Central to this work are the statistical criteria of self-organization. The feasibility of a unified description of kinetic, hydrodynamic and diffusion processes in passive and active macroscopic systems without resorting to the methods of perturbation theory is demonstrated. On this basis, a general definition of thermal flux is given in terms of the entropy gradient. Moreover, a consistent method for calculating both kinetic and hydrodynamic fluctuations is proposed. This approach is then used to construct a theory of classical and anomalous Brownian motion in nonlinear media.

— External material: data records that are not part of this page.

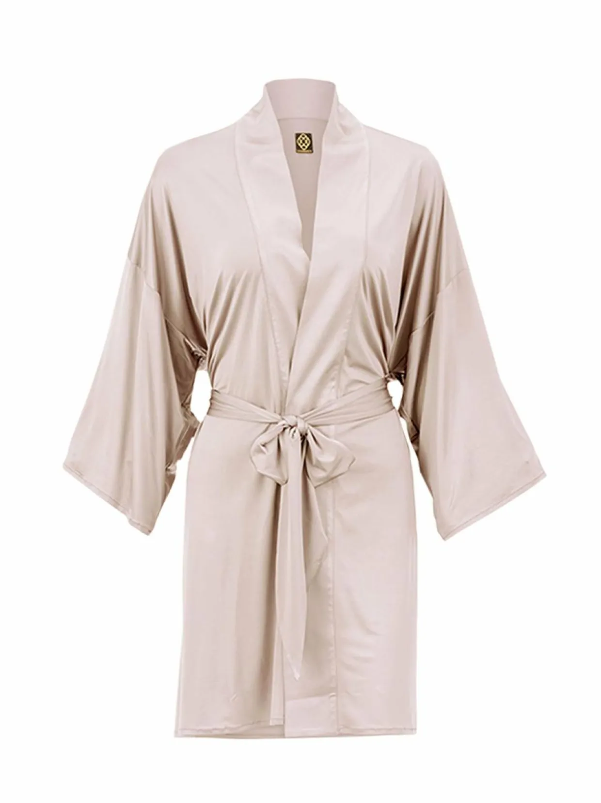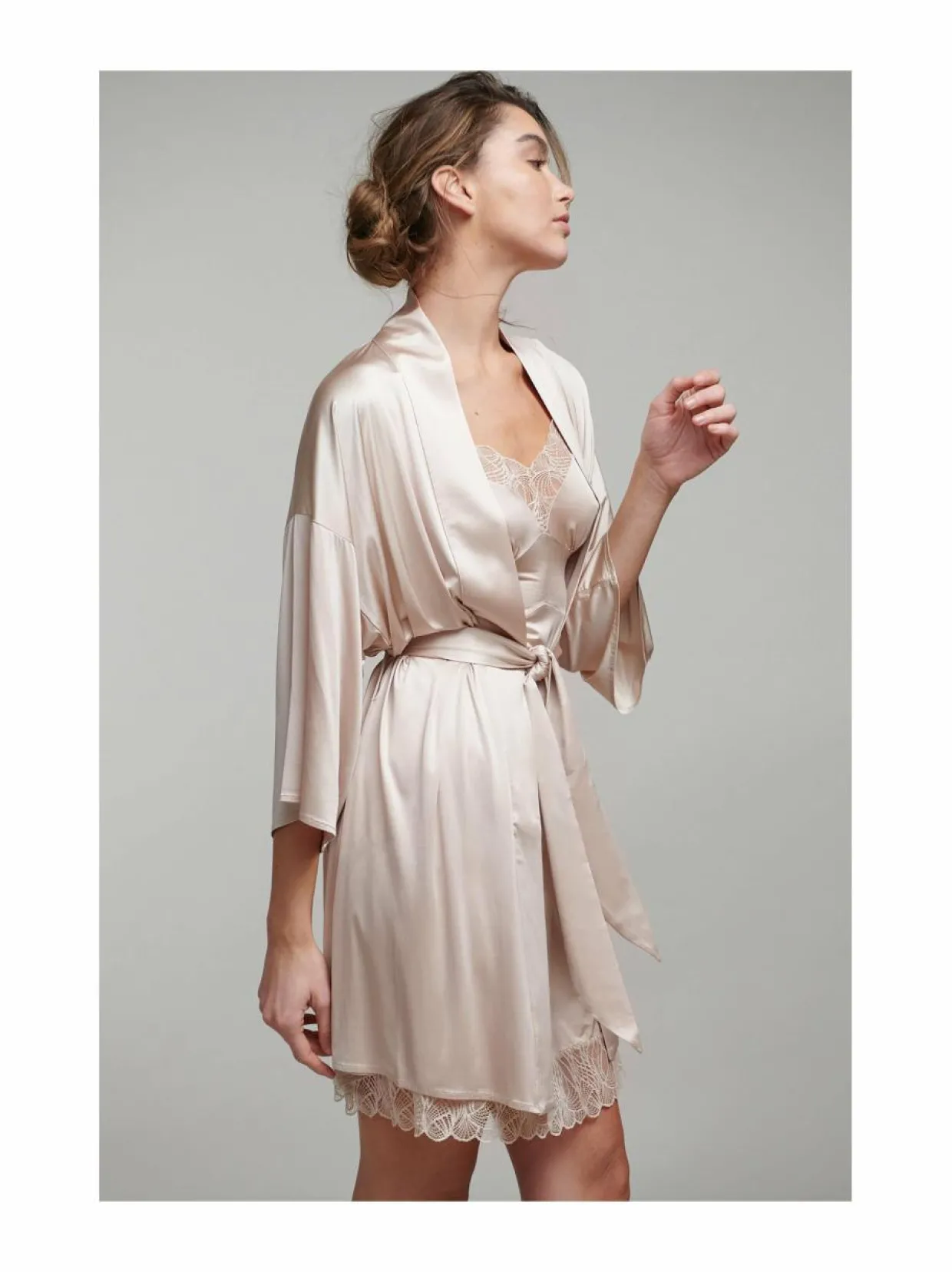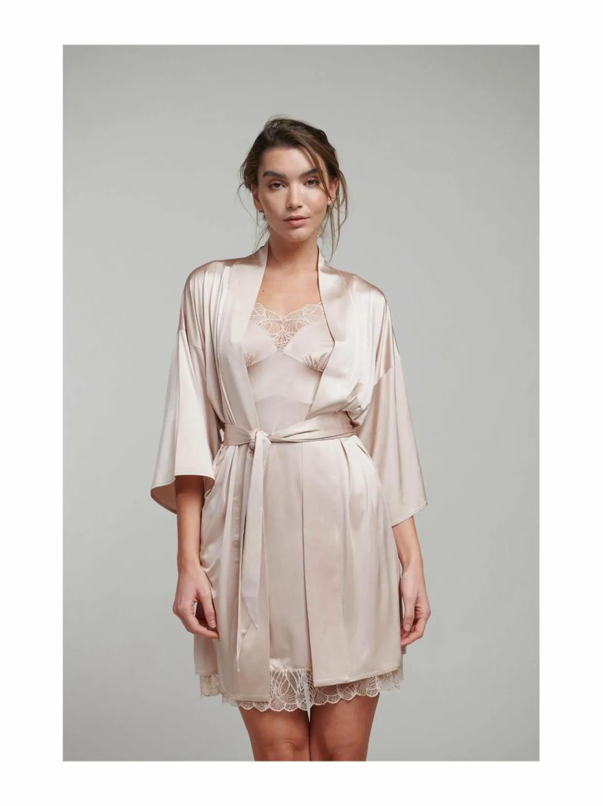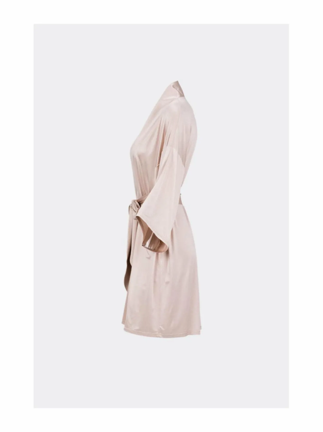 Kimonomallinen aamutakki viskoosisekoitteesta, joka antaa silkkimäisen vaikutelman. Aamutakissa leveät 3/4-hihat ja edessä on sidottava tekstiilivyö.
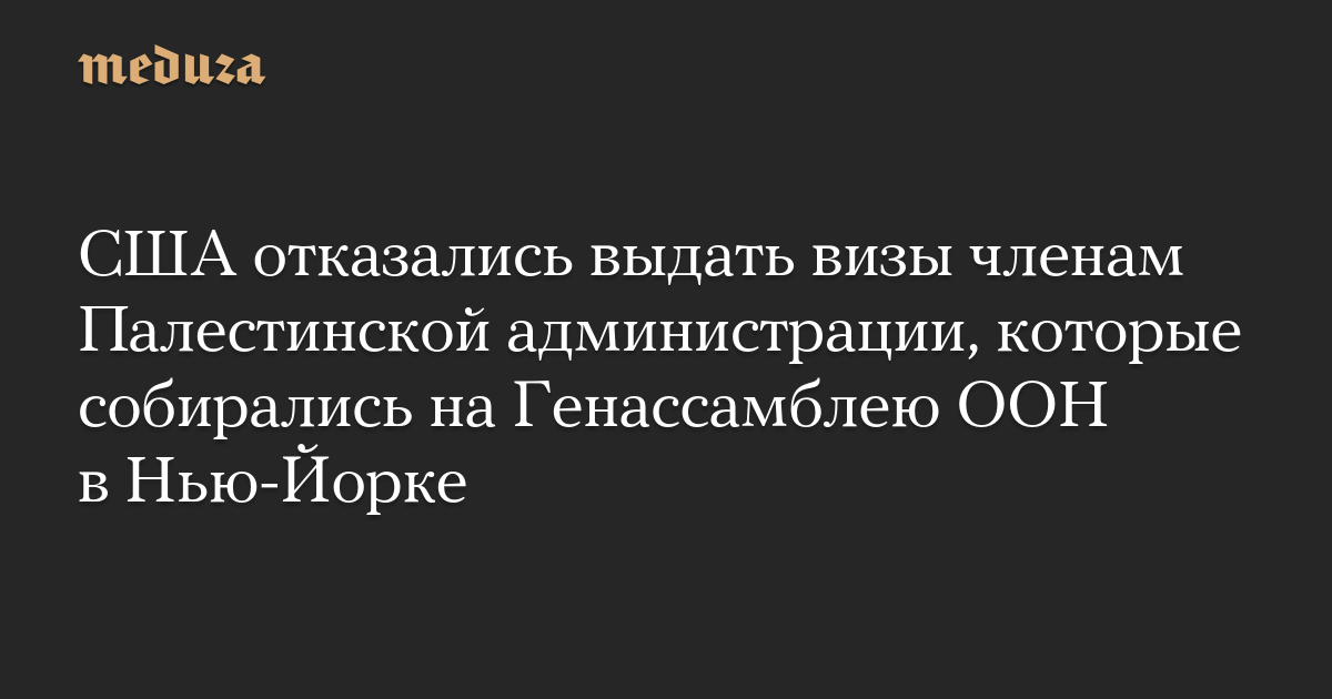 Госдепартамент США отказал в выдаче или аннулировал действующие въездные визы для членов Палестинской национальной администрации и Организации освобождения Палестины, которые намеревались в сентябре принять участие в сессии Генеральной ассамблеи ООН в Нью-Йорке, пишет The Washington Post.
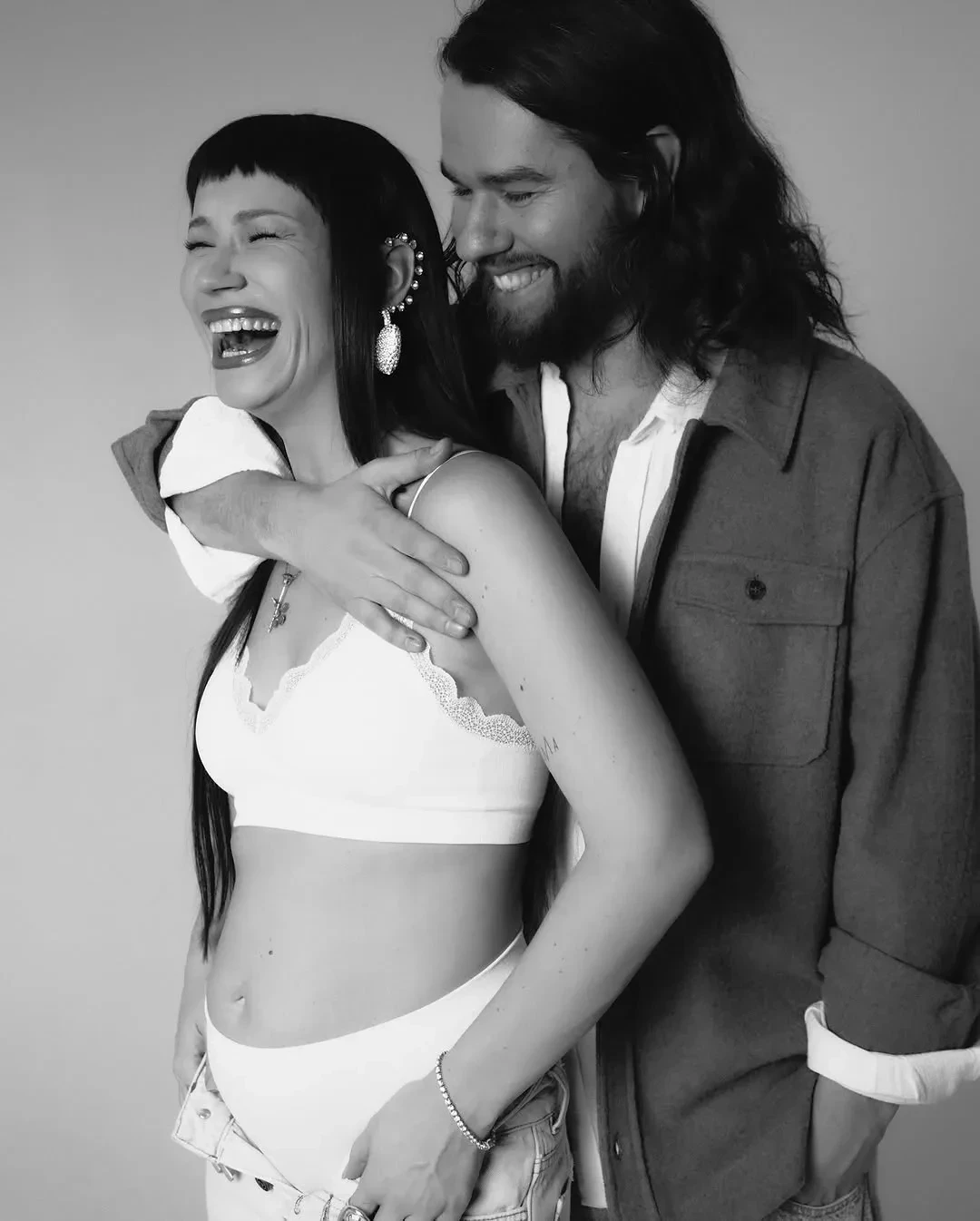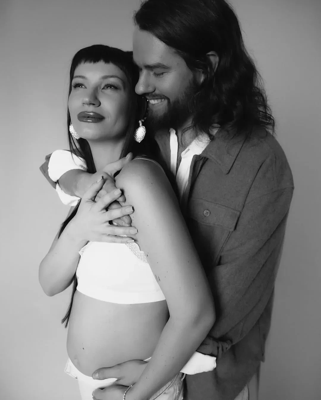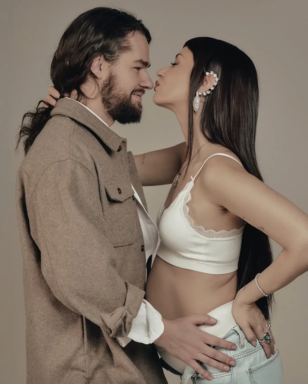 "Прекрасное время. Почти шесть месяцев у меня под сердцем маленький человек. Невероятно", — подписала Ида кадры, на которых она в белом белье и джинсах демонстрирует округлившийся живот и обнимает возлюбленного. Олег для семейной фотосессии нарядился в белую и коричневую рубашки.

This theory makes it possible to treat in an original way the phenomenon of turbulence, and to propose a unified kinetic description of laminar and turbulent motion. The proposed methods are also applied to the statistical description of quantum macroscopic open systems. This provides answers as to whether or not the quantum mechanical description is complete, and whether or not there are hidden parameters in quantum mechanics. The book has no analogy in the existing literature. It is both a monograph and a textbook, and is based largely on the author's original research.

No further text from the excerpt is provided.